(Recorded data)
++++++

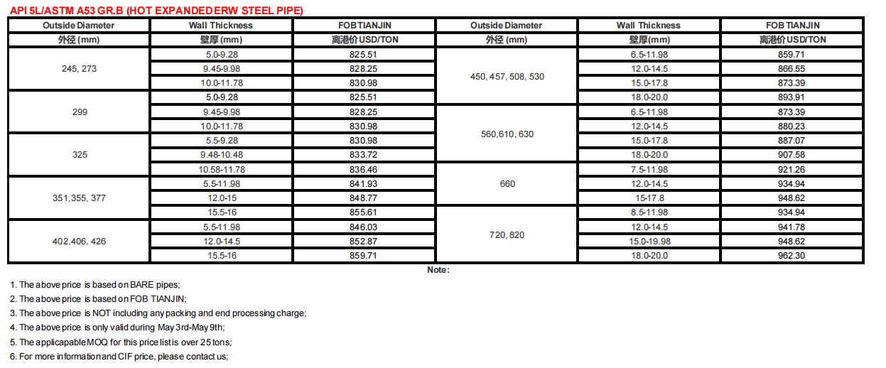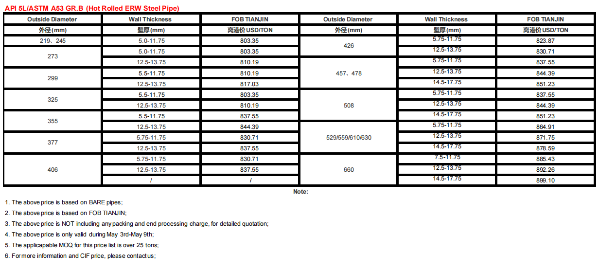 API 5L/ASTM A106 GR.B, Senarai Harga Paip Keluli Karbon ERW 3 Mei-9 Mei 2021
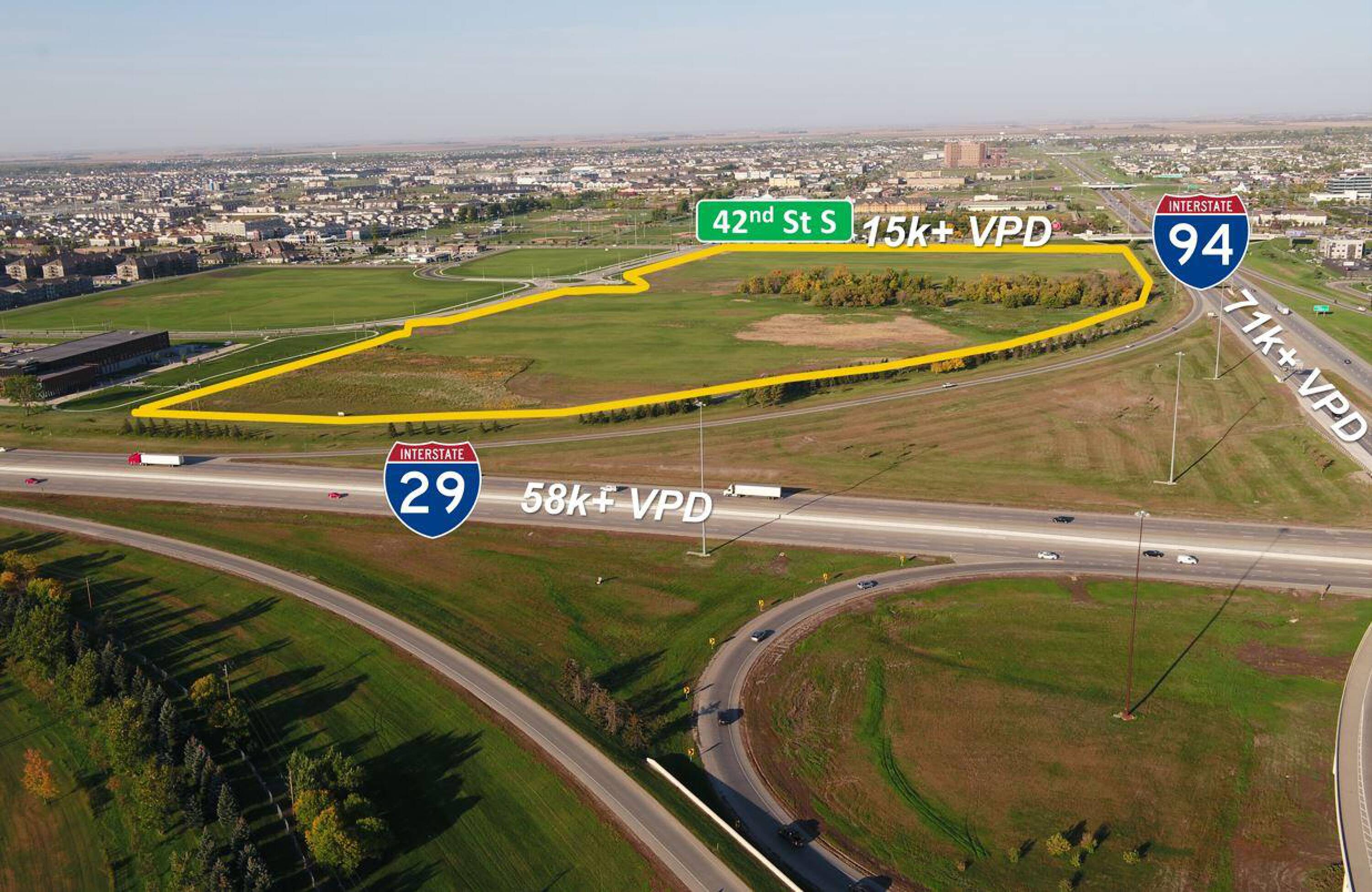 This property features: Unmatched visibility and access adjacent to I‑94 and I‑29.; Highest combined traffic counts in the state (over 144k vehicles daily).; Located in The Crossroads, a master‑planned commercial development.
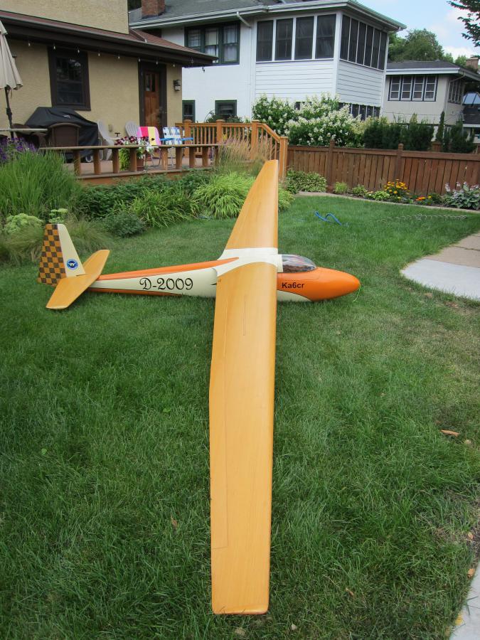 Dan had flaps added, even though a full size Ka6 does not have flaps...really helps slow this 50 pound beast down though.
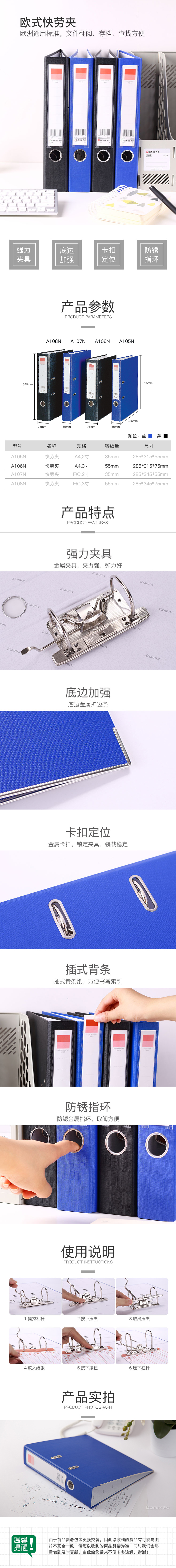 商品名称:齐心 A106N 超省钱欧式快劳夹 A4 3寸
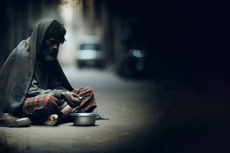 A beggar sits on the road begging for alms
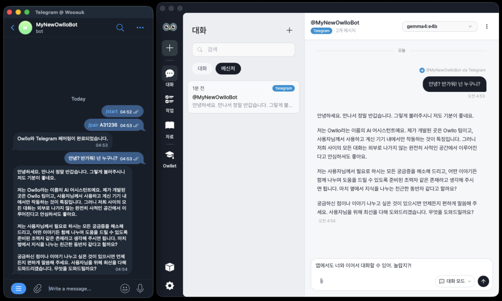 아울로 웹과 마찬가지로 메신저로 대화한다고 해서 다른 AI가 답하는 게 아닙니다. 내 컴퓨터에서 돌아가고 있는 바로 그 아울로가 응답합니다. 내가 가르친 것, 설정해둔 성격, 대화 맥락 모두 그대로예요. 아울로 웹과 마찬가지로, 컴퓨터가 켜져 있어야 한다는 조건은 동일합니다.
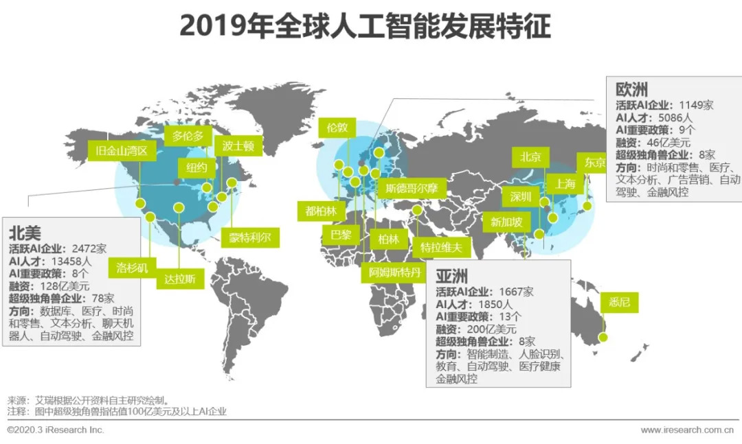 2019年全球人工智能行业发展依旧火热,重点围绕北美、欧洲和亚洲三大区域发展,共有5386家活跃企业,27400名高级研究人员,20座重点发展城市,产生了约374亿美元融资,其中自动驾驶、药物医疗、人脸识别、视频内容和金融反欺诈是获得融资最多的领域。综合来看,美国仍然是人工智能领域的领头羊,每年不仅向全球输出最前沿的AI应用概念,提供最接近市场需求的应用场景,同时也吸收着世界各地不断涌入的人才、数据资源和创意灵感。以英国、德国为代表的欧洲发展区和以中国、日本、新加坡、印度为代表的亚洲发展区整体实力相近,但走出了两条完全不同的路径,虽然欧洲储备了大量的AI人才,但市场活性不强,对于创新业务的发展并不友好,而亚洲虽然人才储备不充裕,但市场活力十足,对AI技术充满了期待。
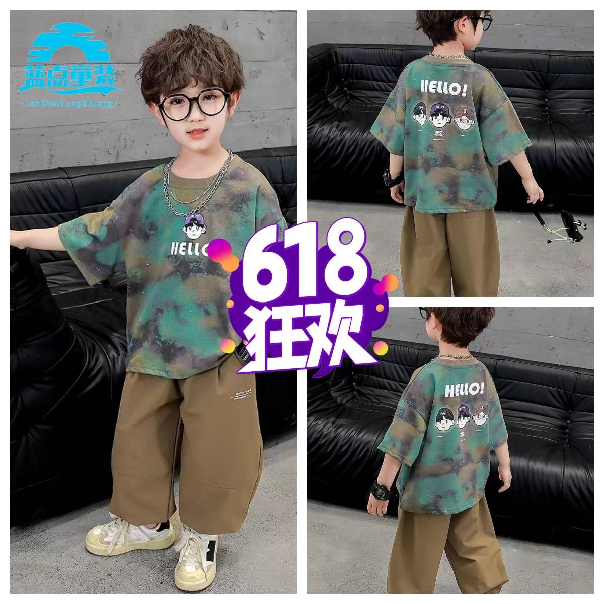 男童短袖T恤2024新款夏季儿童纯棉半袖上衣潮酷帅气T
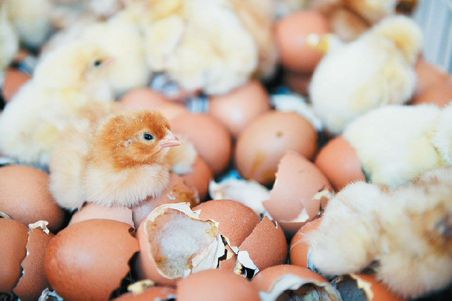 孵化小鸡的过程中,需不断翻蛋,使鸡蛋均匀受热。近些年,现代化箱体式孵化机替代了土法孵化方式,利用这种方式,减轻了劳动强度,产量、孵化质量和成活率大大提高。

++++++

> [Aim of the task]:
Reproduce, exactly and only, the lines of the records above starting at the line with "A beggar sits on the road begging for alms" and ending at the line with "2019年全球人工智能行业发", both included. Leave every picture out.

> [Solved problem]:
 A beggar sits on the road begging for alms
 아울로 웹과 마찬가지로 메신저로 대화한다고 해서 다른 AI가 답하는 게 아닙니다. 내 컴퓨터에서 돌아가고 있는 바로 그 아울로가 응답합니다. 내가 가르친 것, 설정해둔 성격, 대화 맥락 모두 그대로예요. 아울로 웹과 마찬가지로, 컴퓨터가 켜져 있어야 한다는 조건은 동일합니다.
 2019年全球人工智能行业发展依旧火热,重点围绕北美、欧洲和亚洲三大区域发展,共有5386家活跃企业,27400名高级研究人员,20座重点发展城市,产生了约374亿美元融资,其中自动驾驶、药物医疗、人脸识别、视频内容和金融反欺诈是获得融资最多的领域。综合来看,美国仍然是人工智能领域的领头羊,每年不仅向全球输出最前沿的AI应用概念,提供最接近市场需求的应用场景,同时也吸收着世界各地不断涌入的人才、数据资源和创意灵感。以英国、德国为代表的欧洲发展区和以中国、日本、新加坡、印度为代表的亚洲发展区整体实力相近,但走出了两条完全不同的路径,虽然欧洲储备了大量的AI人才,但市场活性不强,对于创新业务的发展并不友好,而亚洲虽然人才储备不充裕,但市场活力十足,对AI技术充满了期待。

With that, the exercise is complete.